◆ EXTRACTED ENTRIES
--*--
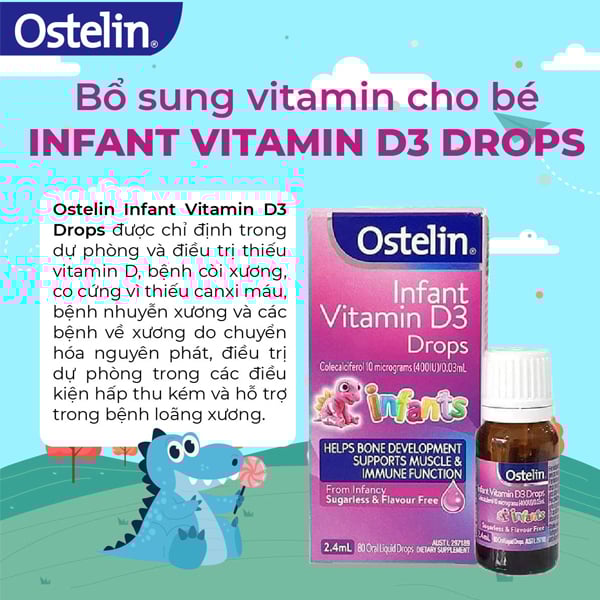 Ostelin Infant Vitamin D3 Drops (2.4ml dùng trong 80 ngày) cho trẻ là dòng sản phẩm được ưa chuộng sản xuất tại Úc sẽ giúp bé được bổ sung đầy đủ hàm lượng vitamin cần thiết mỗi ngày.
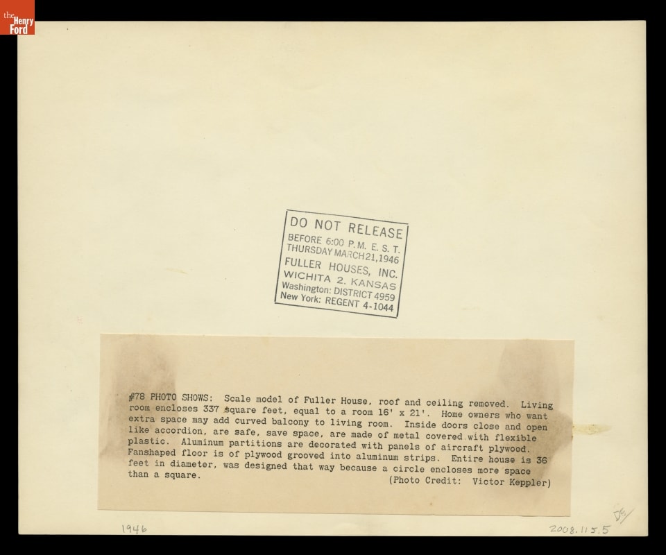 Stamped in black ink on back: DO NOT RELEASE / BEFORE 6:00 P.M. E.S.T. / THURSDAY MARCH 32, 1946 / FULLER HOUSES, INC. / WICHITA 2, KANSAS / Washington: DISTRICT 4959 / NEW YORK: REGENT 4-1044
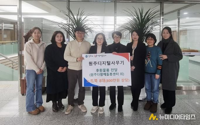 원주시 단계동 소재 원주디지털사무기는 지난 23일 원주시 다함께돌봄센터 등 8개소에 총 800만 원 상당의 노트북 8대를 후원했다.
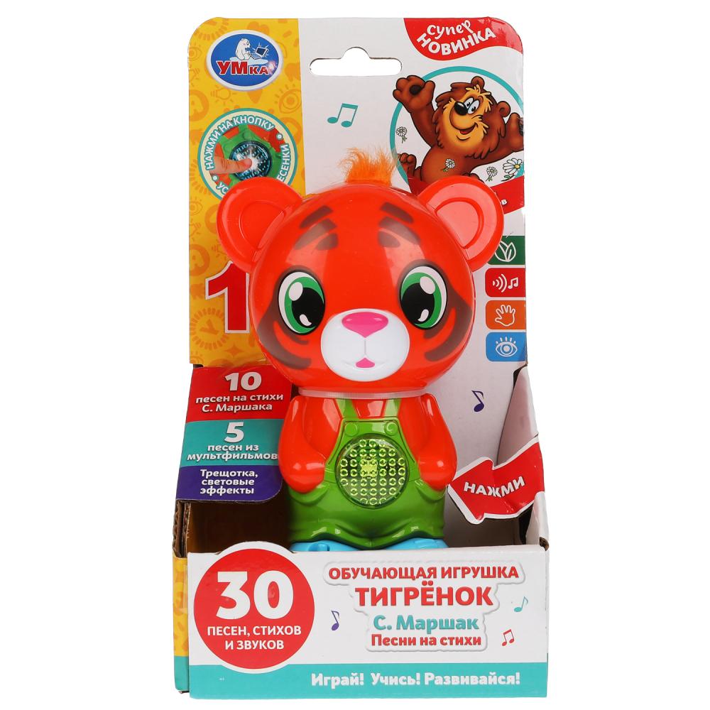 Очаровательный тигрёнок с головой-трещоткой и световыми эффектами непременно понравится Вашему малышу и займет его на долгое время. Ребёнок с удовольствием будет слушать песни на замечательные стихотворения Самуила Маршака, весёлые песенки из мультфильмов и забавные звуки.
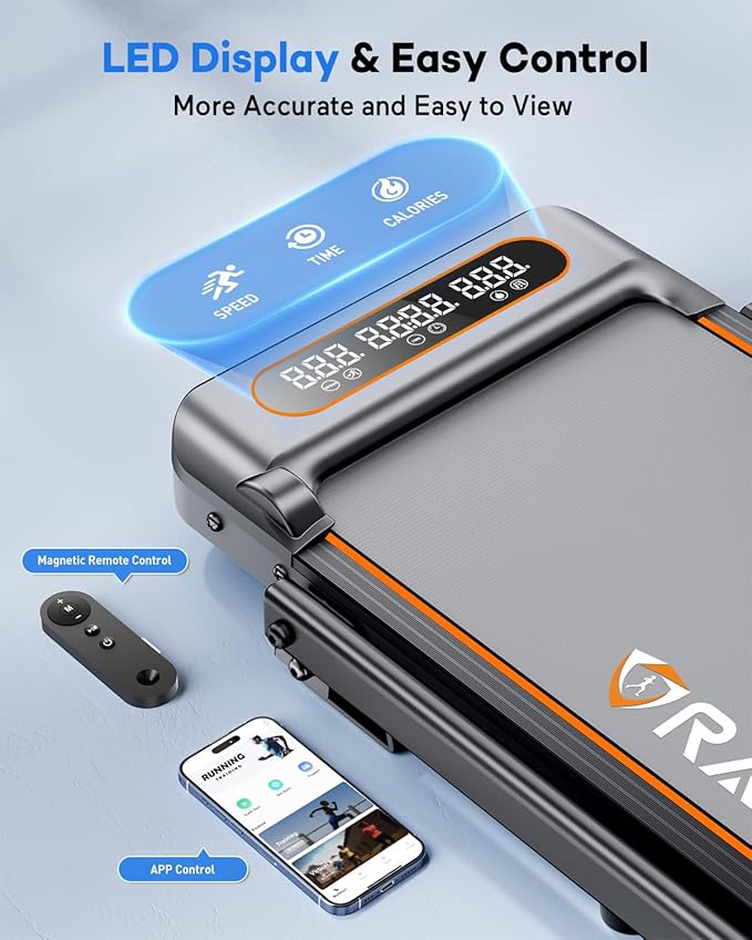 - Smart Control & LED Display: The bright LED screen and fitness app track key metrics - speed, calories, time, and distance - while letting you customize workouts and connect socially. Easily adjust speed anytime with the included remote for seamless workouts.
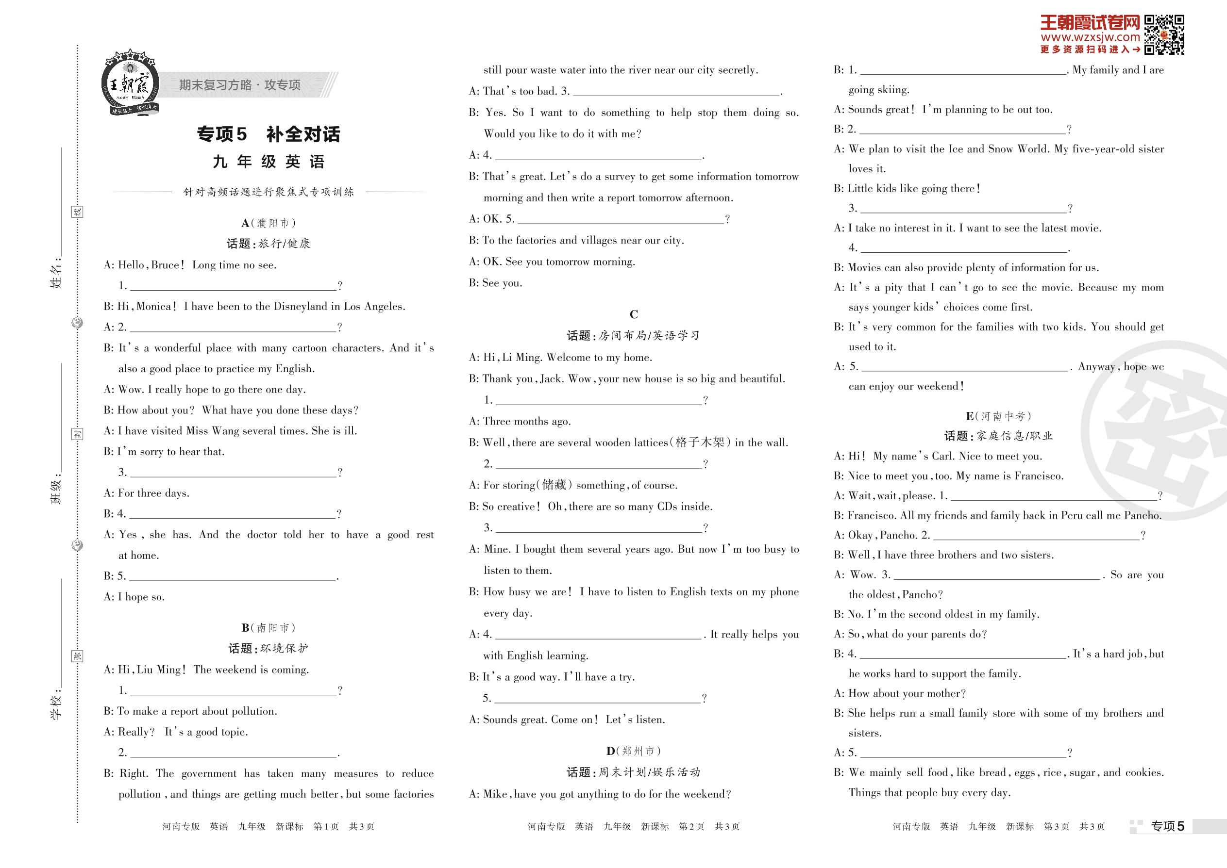 王朝霞期末专项卷——补全对话九年级上册英语(新课标)【5】
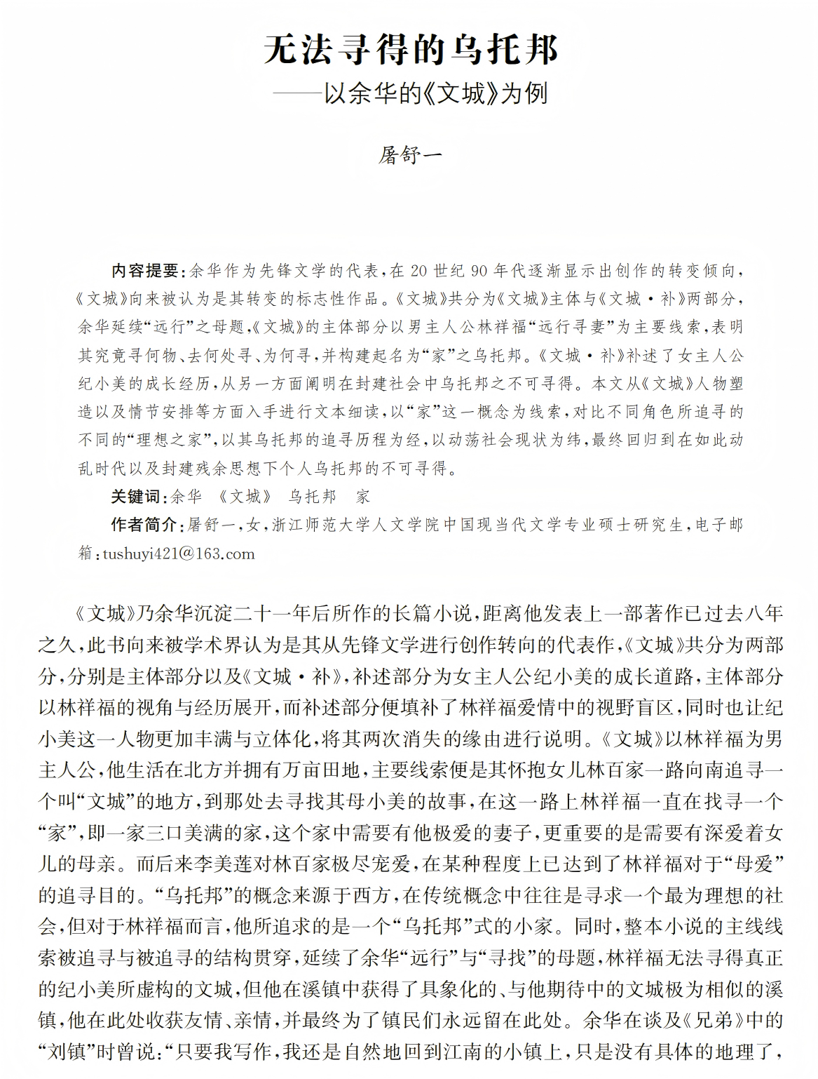 作者简介:屠舒一,女,浙江师范大学人文学院中国现当代文学专业硕士研究生,电子邮箱:tushuyi421@163.com
--*--
◆ WHAT THE EXERCISE ASKS
The answer is those lines of the material above that run from the one containing "Stamped in black" up to and including the one containing "원주시 단계동 소재 원주디지털사무기는", restated exactly and without images.

◆ EXERCISE RESULT
 Stamped in black ink on back: DO NOT RELEASE / BEFORE 6:00 P.M. E.S.T. / THURSDAY MARCH 32, 1946 / FULLER HOUSES, INC. / WICHITA 2, KANSAS / Washington: DISTRICT 4959 / NEW YORK: REGENT 4-1044
 원주시 단계동 소재 원주디지털사무기는 지난 23일 원주시 다함께돌봄센터 등 8개소에 총 800만 원 상당의 노트북 8대를 후원했다.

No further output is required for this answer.